• [Provided material]
_ _ _ _ _

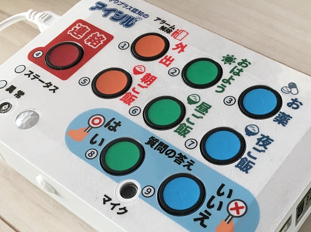 アイシルが採用する認知機能低下の早期の気づきの方法は、日々のボタン操作と各種センサによる生活リズムをモニタし、過去のデータと比較することで認知機能の変化を検出するものです。
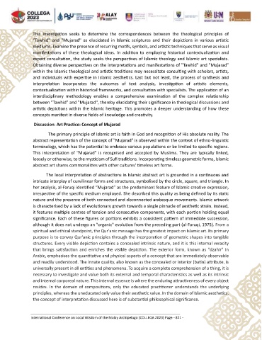 her analysis, al-Faruqi identified “Mujarad” as the predominant feature of Islamic creative expression,
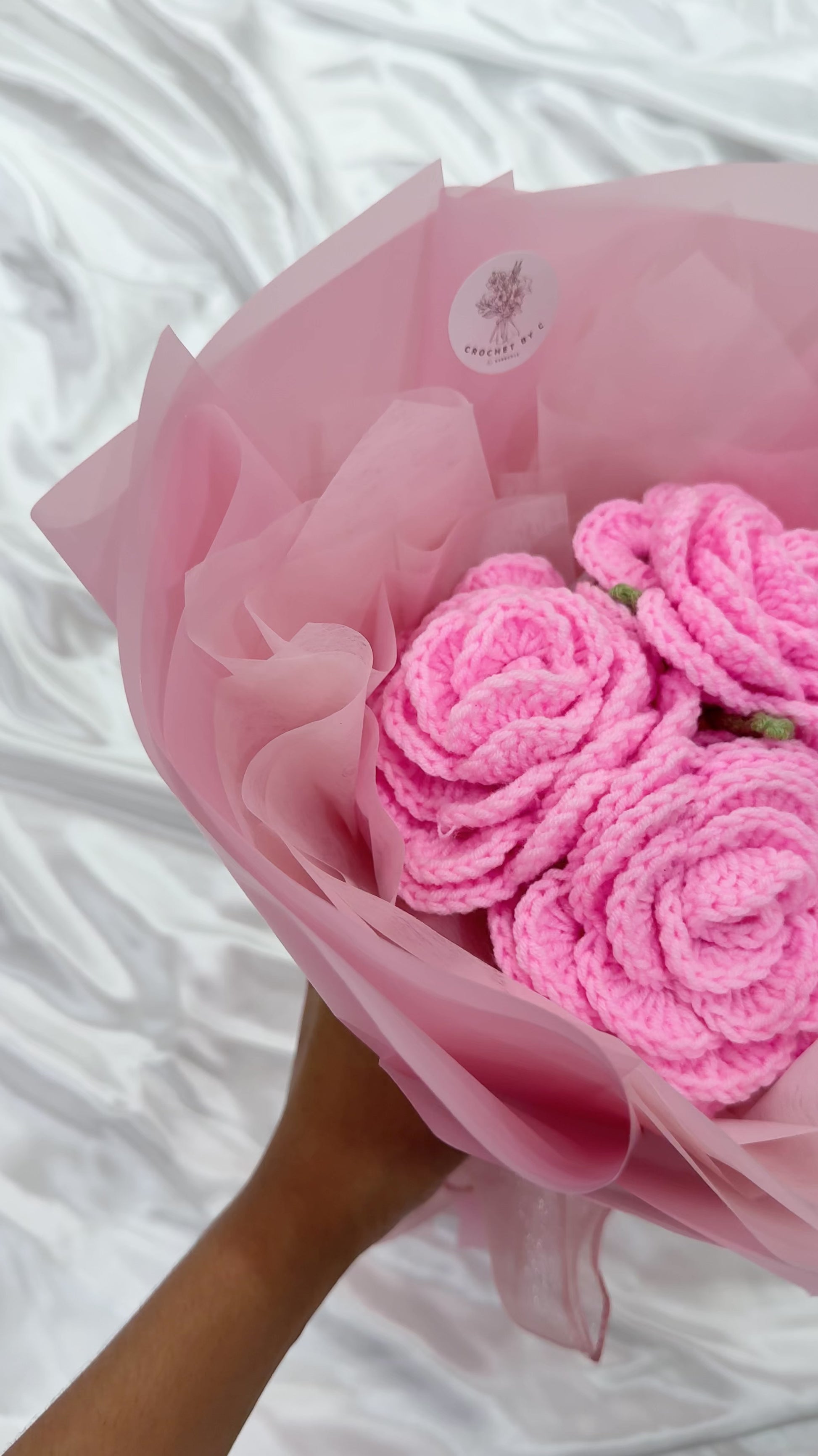 Sweet, delicate, and full of grace — this bouquet of three hand-crocheted pink roses is the perfect way to express love, appreciation, or gentle affection. Whether it’s for a birthday, thank you gift, or just because, these soft pink blooms bring a touch of charm that never fades. Everlasting and low-maintenance, each rose is lovingly crafted to brighten someone’s day for years to come.

_ _ _ _ _

• [Task objective] In your copy, include no pictures; print every line above exactly.

• [Task response]
 アイシルが採用する認知機能低下の早期の気づきの方法は、日々のボタン操作と各種センサによる生活リズムをモニタし、過去のデータと比較することで認知機能の変化を検出するものです。
 her analysis, al-Faruqi identified “Mujarad” as the predominant feature of Islamic creative expression,
 Sweet, delicate, and full of grace — this bouquet of three hand-crocheted pink roses is the perfect way to express love, appreciation, or gentle affection. Whether it’s for a birthday, thank you gift, or just because, these soft pink blooms bring a touch of charm that never fades. Everlasting and low-maintenance, each rose is lovingly crafted to brighten someone’s day for years to come.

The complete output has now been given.